The Way of the Object

I'd rather take a page from the SortFunction technique. BlockClosures (or more generally, objects which respond to the message value: and fill the roles of functions) are real Objects too. And I'm declaring that they too have a right to be included in the General Love Fest of Polymorphism. The idea here, is that we add a new memoizing method to BlockClosure (and Symbol too so they can continue to stand double as simple BlockClosures). Sending memoizing to a BlockClosure returns a MemoizedFunction object which can do value: just like a BlockClosure. But it keeps a memory of evaluations and uses those when found. My first cut implementation is published as TAG-MemoizedFunctions in the Open Repository.

Now our example just turns in to:

| classes |
classes := Object withAllSubclasses reject: #isMeta.
classes sorted: #toolListDisplayString memoizing ascending

For this simplistic example, slapping memoizing in there is a 10x speed boost.

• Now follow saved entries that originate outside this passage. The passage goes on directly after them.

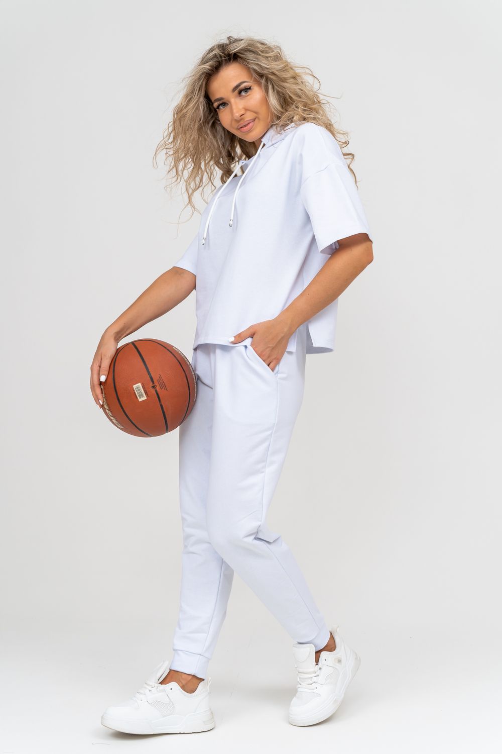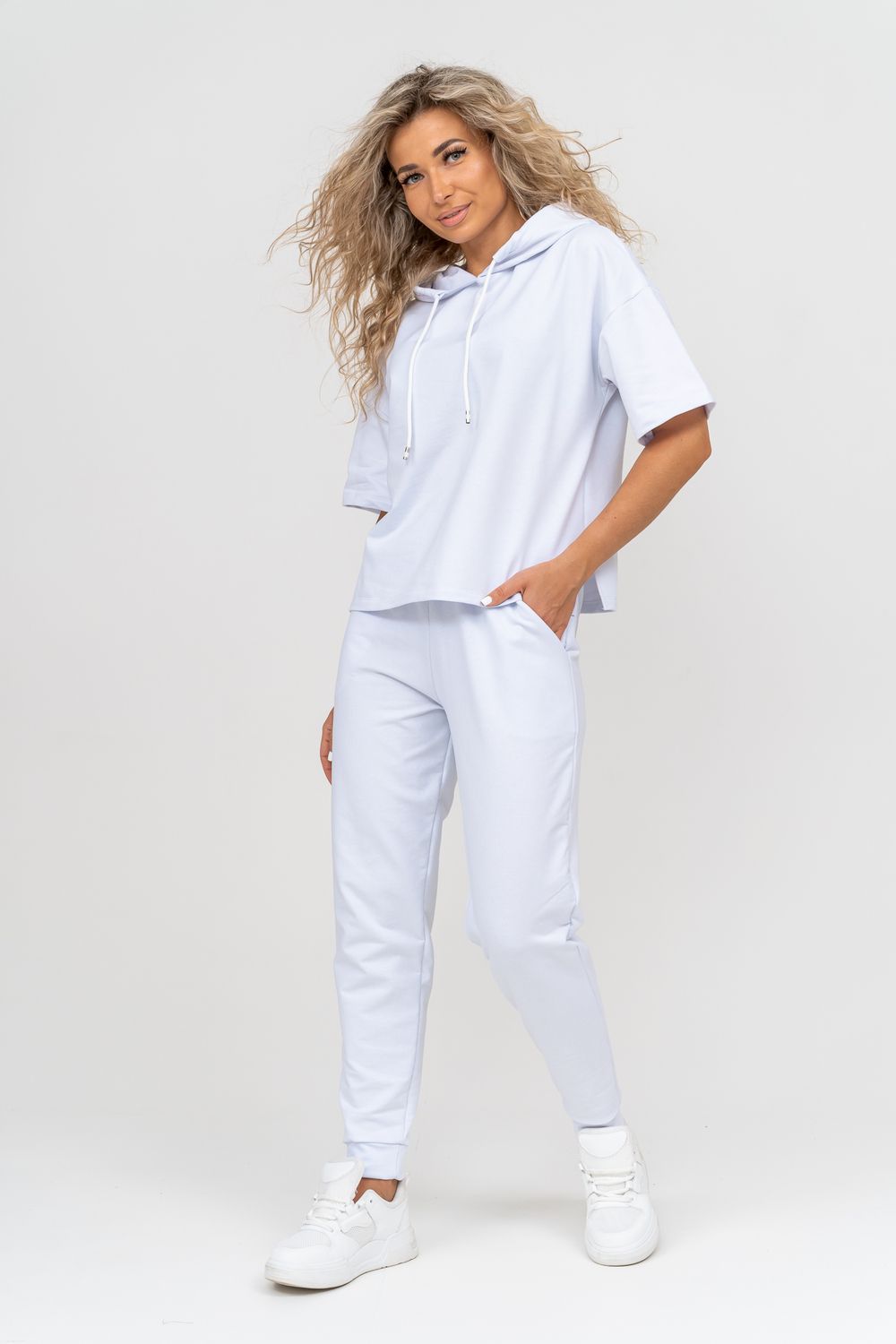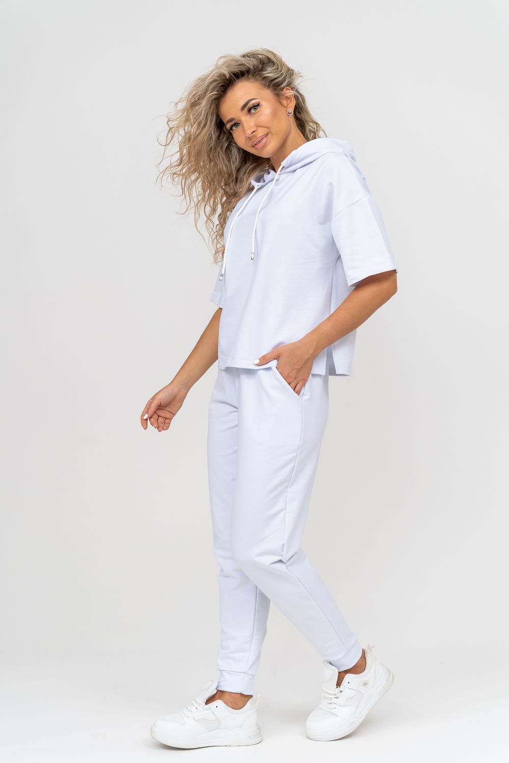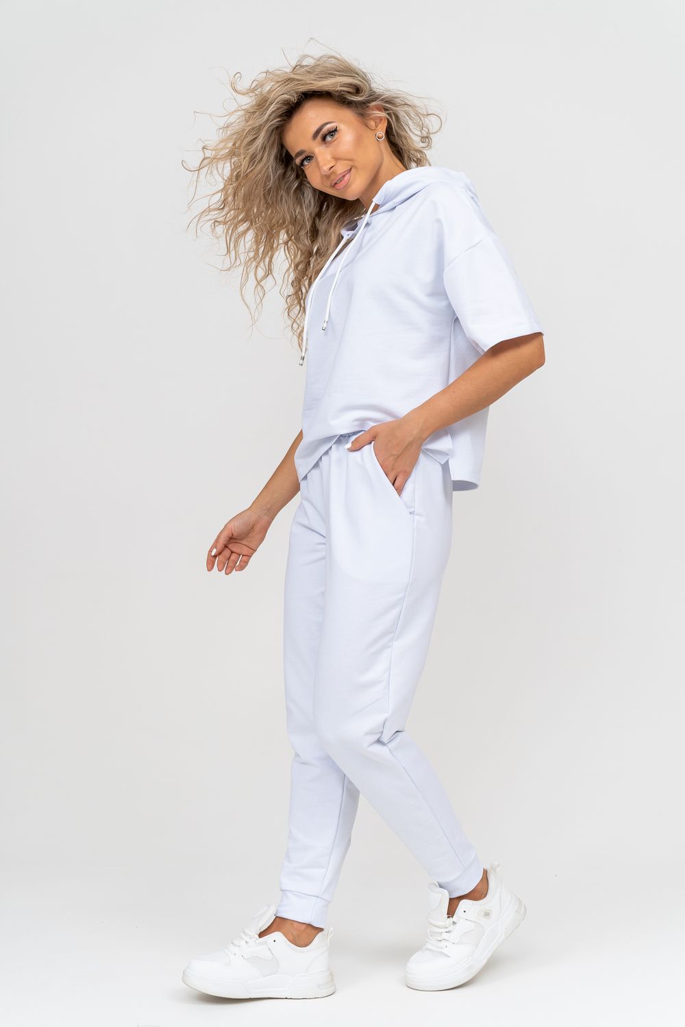 Женский костюм выполнен из футера высокого качества с хлопком и небольшим добавлением полиэстера и лайкры, что позволяет изделию не скатываться и оставлять идеальный внешний вид на долгое время. Костюм состоит из толстовки и брюк. Толстовка с капюшоном и шнурком. Линия плеча спущена, рукав укороченный, по бокам имеются небольшие разрезы. Брюки представлены с вместительными боковыми карманами. Манжеты брюк выполнены из основного материала, а пояс на специализированной поясной машине, что делает швы ровными и качественными. Свободный крой прекрасно будет смотреться на дамах с любыми формами. Костюм такого плана представлен в широкой размерной сетке, что позволяет выбрать его как девушке, так и женщине. Однотонный костюм модных расцветок будет удачным выбором для поездок в отпуск, на пикник, для школы, для активного отдыха и прогулок по городу. Будет гармонично сочетаться как с кроссовками, так и с туфлями, балетками или босоножками. Используя эту модель в качестве домашнего костюма, Вы поймёте, что это именно тот самый идеальный вариант, в котором будете себя чувствовать удобно, комфортно и современно. Костюм с брюками - это настоящая находка для тех, кто ценит свою индивидуальность!
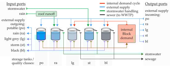 Scheme of a WBM-Block; storage facilities for every QC as core of the Block, demand inside the Block, internal flow pathways and connections to the model environment.
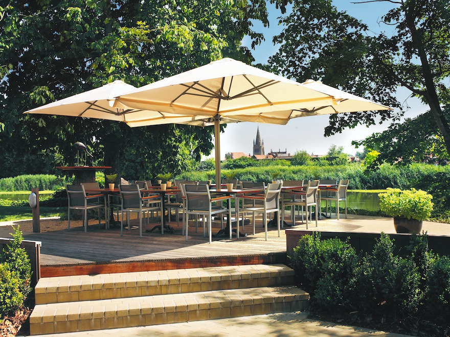 Infatti, sullo stesso palo di sostegno opportunamente progettato possono essere installati – ed eventualmente aggiunti in un secondo tempo – da uno a quattro ombrelloni per coprire agevolmente fino a 38 metri quadri di area esterna. Inoltre, MaPro P6 assicura grande versatilità d’impiego: può essere agevolmente fissato al pavimento, oppure alla parete, a seconda delle necessità. La copertura è disponibile nella versione rotonda (con diametro di 3,50 metri) oppure quadrata (da 2,50 o 3 metri per lato).

What do I like about this approach? First of all, it was fun. This kind of thing, to me, is where the zen of Object Oriented dispatch is at (I don't pretend to be brilliant about this at all, Wilf LaLonde probably wrote an article demonstrating this 20 years ago). I like that it is terse. I like that it localizes the decision about whether to memoize around the function itself rather than the API using it. This is the fastest/easiest way to toggle memoization on and off to profile the differences. I like that I can use it with collect:, or detect:, or allSatisfy:, or any method that makes use of first class function objects. And I like that it only took 10 methods and one class to do. Because Less is More.

Happy Memoizing!

(Why does Apple insist on constantly changing "memoizing" to read "memorizing"? Grumble...)


  1. Thanks, this is exactly the generic way to fix http://code.google.com/p/pharo/issues/detail?id=5880

  2. Neat, but no code! Here's my take: https://gist.github.com/2705526

  3. J, the code is published in the OR. I almost went and implemented yours. It's even simpler than mine. I like it. The only thing I don't like, and this is possible YAGNI, is that without a Real Object to represent the memorization you can't do real things with it. For example, you can't fetch a history of arguments from it. With a MemoizedFunction object you can have an argumentHistory that returns memory keys. And you can't further configure it. I could add configuration methods called byEquality and byIdentity to it, that tune the type of caching. Or you could put limits on how many entries to cache. If you ball it all up in they method like that, you lose that ability. But the Less is More sweetness of it sure is appealing.